Die griechische Regierung verlangte nun, dass die restliche Eurogruppe das Hilfsprogramm zumindest für einige Wochen verlängert, damit eben genau dieses Referendum stattfinden kann. Dem hat die Eurogruppe am Samstag nicht zugestimmt. Aus ihrer Sicht steckte man mitten in Verhandlungen, welche die griechische Seite einseitig abgebrochen hat. Es sei unfair, die Vorschläge den Griechen zur Abstimmung vorzulegen und mit einem Nein und negativem Votum zu werben, sagte Eurogruppenchef Jeroen Dijsselbloem. Deshalb werde das Hilfsprogramm am Dienstagabend auslaufen. 

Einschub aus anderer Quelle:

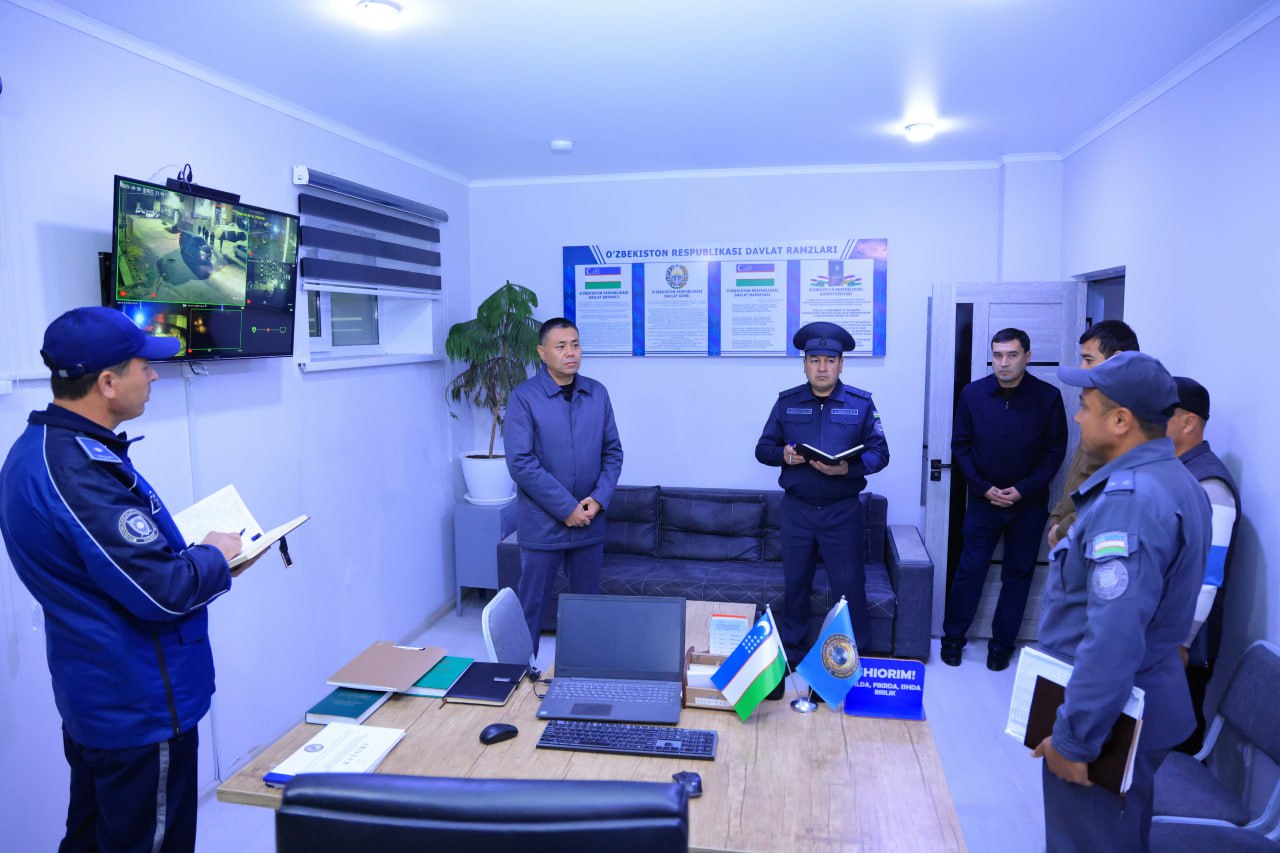 Dastlab, “Bo‘ston” mahallasi hududida tashkil etilgan “Elektron kuzatuv maskani” faoliyati o‘rganilib, mazkur yo‘nalishda xizmat olib borayotgan tungi naryad xodimlariga yo‘riqnoma o‘tkazildi. Ularga mahallalarda xavfsiz muhitni mustahkamlash, huquqbuzarliklarning oldini olish va fuqarolarning tinchligini taʼminlash bo‘yicha aniq topshiriqlar berildi.

Ehrlicher wäre es gewesen, zurückzutreten

Hätte die Eurogruppe den Griechen diese letzte Frist einräumen sollen? Wahrscheinlich ist, dass Alexis Tsipras klar war, dass er für den auf dem Tisch liegenden Kompromiss mit den Institutionen keine Mehrheit in seiner eigenen Partei findet. Am Freitagabend tagte genau dazu auch das griechische Kabinett. Deshalb wählte er wohl den Weg über ein Referendum. Ehrlicher wäre es dagegen gewesen, zurückzutreten.

Auch die Brandrede, die der griechische Finanzminister Yanis Varoufakis im Anschluss an die Gespräche mit der Eurogruppe am Samstag hielt, hat die bereits bestehenden Zweifel an der Vertrauenswürdigkeit der Syriza-Regierung noch mal bestätigt. Varoufakis behauptete, das Referendum sei keine Entscheidung über den Verbleib Griechenlands in der Eurozone. Aber was ist es dann?

Antwort darauf und damit auf die eigentliche Strategie von Alexis Tsipras gibt ein Tweet des griechischen Premiers: Er sieht in einem möglichen "Nein" des griechischen Volkes allein "eine Stärkung der griechischen Verhandlungsposition". Wenn dem wirklich so wäre, könnte künftig jedes Land einfach über ein Referendum für sie bessere Ergebnisse in laufenden Verhandlungen verlangen. So kann Europa nicht funktionieren.

 Varoufakis kündigte am Samstag an, dass sich die Regierung bei einer Zustimmung der Griechen zum Kompromissvorschlag an das Votum halten werde. Aber wie glaubwürdig ist das, wenn die Regierung schon vor der Abstimmung sagt, sie sei dagegen? Wer in der restlichen Eurozone nimmt der Syriza-Regierung ab, dass sie die Reformen und Sparmaßnahmen ohne Protest umsetzen werden?

Tsipras hat viel verkündet, aber so gut wie nichts gemacht

Man kann den Institutionen vorwerfen, dass sie an der aus Sicht vieler Ökonomen falschen Sparpolitik festhalten haben und gerade in der Frage eines notwendigen Schuldenschnitts hart geblieben sind. Aber auf der anderen Seite hat die griechische Regierung fünf Monate nur wenig getan, um Vertrauen zu den europäischen Partnern aufzubauen. Im Gegenteil. Sie hat bislang nicht belegt, dass sie willens ist, Griechenland zu reformieren. Die Tsipras-Regierung hat viel verkündet, aber so gut wie nichts gemacht. Der jüngste Schachzug hat nun auch das letzte Quäntchen Vertrauen zerstört.

Das Referendum findet trotzdem am 5. Juli statt. Die Frage ist, über was eigentlich entschieden werden soll. Tatsächlich über den Vorschlag der Institutionen, der halbfertig auf dem Tisch liegt? Auch wird das Referendum erst einmal keine Konsequenzen haben. Nur eine neue Regierung könnte glaubwürdig ein neues, drittes Hilfspaket beantragen.